Transplant-eligible multiple myeloma: VRd lite delivers deep responses

  • Okazuka K & al.
  • Eur J Haematol
  • 16 Nov 2019

  • curated by David Reilly
  • Univadis Clinical Summaries
Access to the full content of this site is available only to registered healthcare professionals.
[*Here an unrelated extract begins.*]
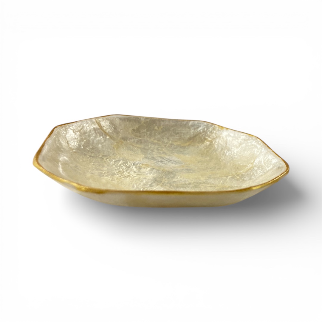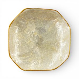 Dit achthoekige schaaltje van capiz heeft een afmeting van ca. 10 x 10 x 2 cm. De strakke, geometrische vorm wordt gecombineerd met de natuurlijke glans van capiz, wat zorgt voor een mooi contrast tussen lijnenspel en een zachte, parelmoerachtige uitstraling.

Access to the full content of this site is available only to registered healthcare professionals.

Takeaway

  • In transplant-eligible patients with newly diagnosed multiple myeloma (NDMM), the intensity-reduced regimen VRd lite (reduced-intensity bortezomib+lenalidomide+dexamethasone) delivered deep responses, which grew deeper after transplantation; the regimen was also well tolerated.

Why this matters

  • VRd is one of the most common regimens in this setting; however, 9%-11% of patients discontinue VRd because of tolerability issues.

Study design

  • Study to investigate VRd lite in 48 transplant-eligible patients with NDMM.
  • VRd lite was administered every 4 weeks, comprising:
    • Bortezomib 1.3 mg/m2 on days 1, 8, 15, and 22.
    • Dexamethasone 20 mg on the day of and day after bortezomib.
    • Lenalidomide was omitted on days 1, 8, and 15.
  • Funding: None.

Key results

  • After 4 cycles:
    • 83% overall response rate (ORR).
    • 25% complete response (CR).
    • 48% very good partial response or better (≥VGPR).
  • 38/45 patients who completed 4 cycles of VRd went on to receive autologous stem cell transplant (auto-SCT).
  • Responses were improved posttransplant:
    • 100% ORR.
    • 55% CR.
    • 73.7% ≥VGPR.
  • The most common grade 3-4 adverse event was neutropenia (grade 3, 19%; grade 4, 6%).

Limitations

  • Retrospective data.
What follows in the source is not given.